Question

A 2 -kW electric resistance heater submerged in \(5-\mathrm{kg}\) water is turned on and kept on for 10 min. During the process, \(300 \mathrm{kJ}\) of heat is lost from the water. The temperature rise of water is \((a) 0.4^{\circ} \mathrm{C}\) (b) \(43.1^{\circ} \mathrm{C}\) \((c) 57.4^{\circ} \mathrm{C}\) \((d) 71.8^{\circ} \mathrm{C}\) \((e) 180^{\circ} \mathrm{C}\)

Short answer

a) 34.9°C b) 43.1°C c) 55.0°C d) 66.3°C Answer: b) 43.1°C

Step-by-step solution

Calculate the energy provided by the heater

First, let's determine the amount of energy the heater provides to the water.

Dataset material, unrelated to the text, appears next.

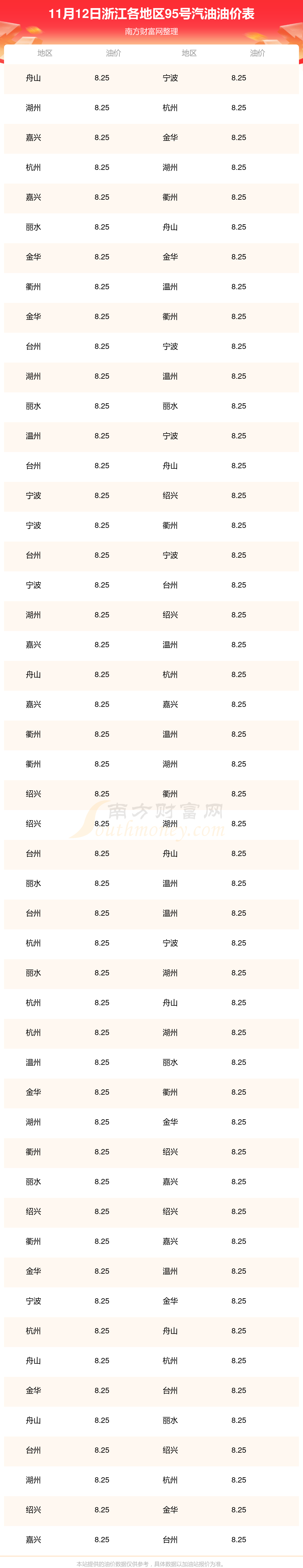 2025年11月12日浙江95號汽油最新價格一覽表

Since the power of the heater is 2 kW (2000 W) and it's turned on for 10 minutes (600 seconds), we can find the energy in Joules using: Energy = Power * Time Energy = 2000 W * 600 s Energy = 1.2 * 10^6 J

Calculate the net energy gain of water

Now, we have to subtract the heat lost from the total energy provided by the heater: Net energy gain = Energy provided - Heat lost Net energy gain = 1.2 * 10^6 J - 300 kJ Net energy gain = 1.2 * 10^6 J - 300 * 10^3 J Net energy gain = 900 * 10^3 J = 9 * 10^5 J

Find the temperature rise

Given the net energy gain of water and its mass, we can calculate the temperature rise using the specific heat capacity of water. The specific heat capacity of water is 4190 J/(kg*K). We use the formula: Temperature rise = Net energy gain / (Mass * Specific heat capacity) Temperature rise = (9 * 10^5 J) / (5 kg * 4190 J/(kg*K)) Temperature rise = (9 * 10^5) / (5 * 4190) Temperature rise = 0.0859 * 10^5 ≈ 43.1°C So, the correct answer is (b) \(43.1^{\circ} \mathrm{C}\).